Java中带范围的数字的正则表达式

Question

I was playing with regular expression and noticed that the below code is returning true . Can any one explain why?

 console.log(/\\d{4,12}$/.test('12345678901234567890')); 

How can I have limited number of digits say, 4-8(number of digits) and some alphabets in my regular expression? Ex- ('abc7896' -> true, 'a78b96' -> true, etc)

Answer 1

\\d{4,12} looks if the string contains 4 to 12 digits which is correct. If you want to limit this, you can use the anchor tags - ^ for beginning and $ for end of string like this:

^\\d{4,12}$ or respectively /^\\d{4,12}$/

Now from the beginning to the end of the string, only 4 to 12 characters can appear.

Answer 2

You should use the characters ^ and $ at the start and at the end of your pattern.
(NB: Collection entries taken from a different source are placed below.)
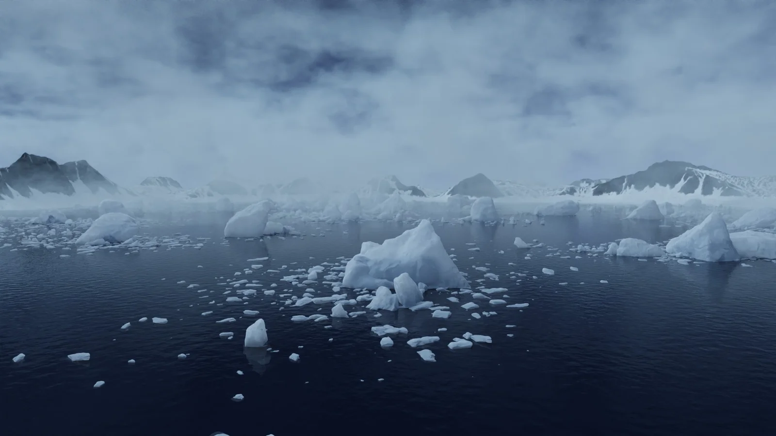 This is a complete polar landscape environment for Blender, featuring drifting ice floes and customizable lighting setups for both cloudy and sunny atmospheres. The scene is built for the Cycles render engine and utilizes 3D terrains originally generated in Gaea.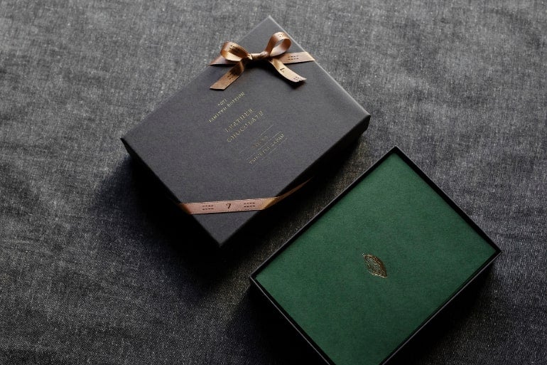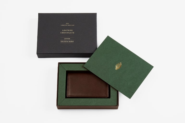 ギフトボックスには金箔押しで“LEATHER CHOCOLATE”の文字を刻印。中にはグリーンをあしらって彩りを添え、あたかもチョコレートギフトを思わせる特別な仕立てがうれしい。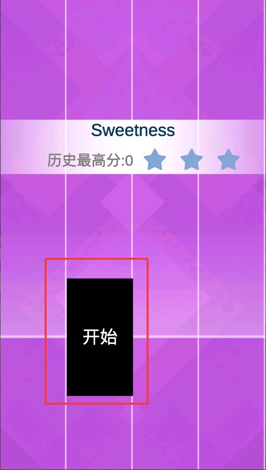 1、进入游戏界面后,首先找到"开始"按钮轻触启动,这时会出现颜色各异的琴键等待操作。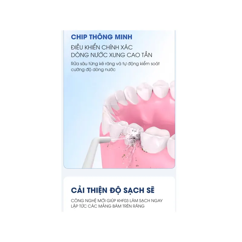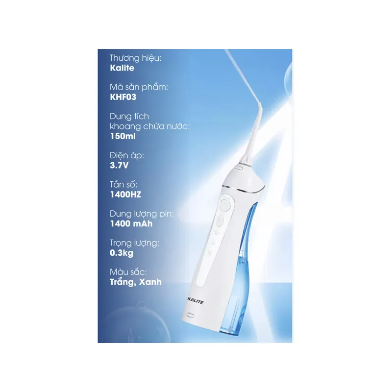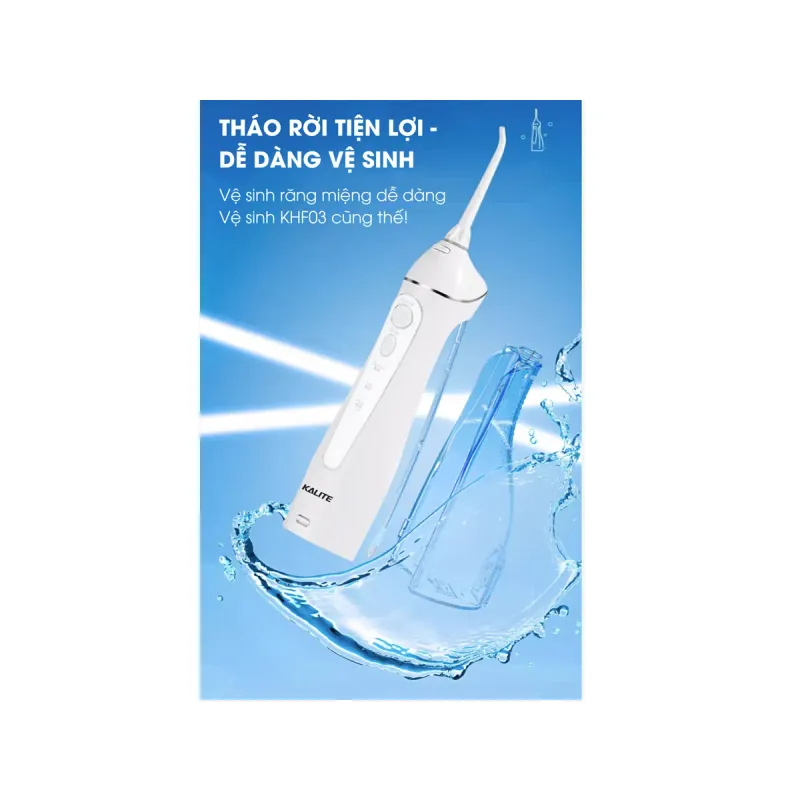 💧 Máy Tăm Nước Kalite KHF03 – Làm Sạch Sâu, Bảo Vệ Răng Miệng Toàn Diện Máy tăm nước Kalite KHF03 là giải pháp vệ sinh răng miệng thông minh, giúp loại bỏ mảng bám, thức ăn thừa tận sâu trong kẽ răng – nơi bàn chải và chỉ nha khoa khó tiếp cận. Với thiết kế nhỏ gọn, pin sạc tiện lợi, sản phẩm phù hợp cho cả gia đình và mang theo khi đi công tác, du lịch. 🔹 Đặc điểm nổi bật 🌊 Áp lực nước mạnh mẽ – Làm sạch đến 99% mảng bám, thức ăn thừa. 🦷 3 chế độ phun – Normal, Soft, Pulse phù hợp với mọi loại răng – nướu. 🔋 Pin sạc dung lượng lớn – Sử dụng liên tục 2 tuần chỉ với 1 lần sạc. 💡 Thiết kế chống nước IPX7 – An toàn khi dùng trong phòng tắm. 🌀 Bình chứa nước 300ml – Dung tích vừa đủ, d...Read more

Doing so you state that you are looking for a string that starts with a digit and it can have any number of digits from 4 to 12.

Answer 3

Based on your comments and edits in your question, you may use this regex:

/^(?:[a-z]*\d){4,8}[a-z]*$/gim

RegEx Demo

RegEx Breakup:

^            - Start
(?:          - Start non-capturing group
   [a-z]*\d  - Match 0 or more alphabets followed by a digit
){4,8}       - End non-capturing group. [4,8} matches it 4 to 8 times
[a-z]*       - Match trailing 0 or more alphabets in input
$            - End

Flags:

g - Global search
i - Ignore case Match
m - Multiline mode

Answer 4

You could check if there are 4 to 12 digits in the string with some non digits inbetween.

 console.log(/^\\D*(\\d\\D*){4,12}$/.test('a78b96')); console.log(/^\\D*(\\d\\D*){4,12}$/.test('a786')); console.log(/^\\D*(\\d\\D*){4,12}$/.test('a1234567890123'));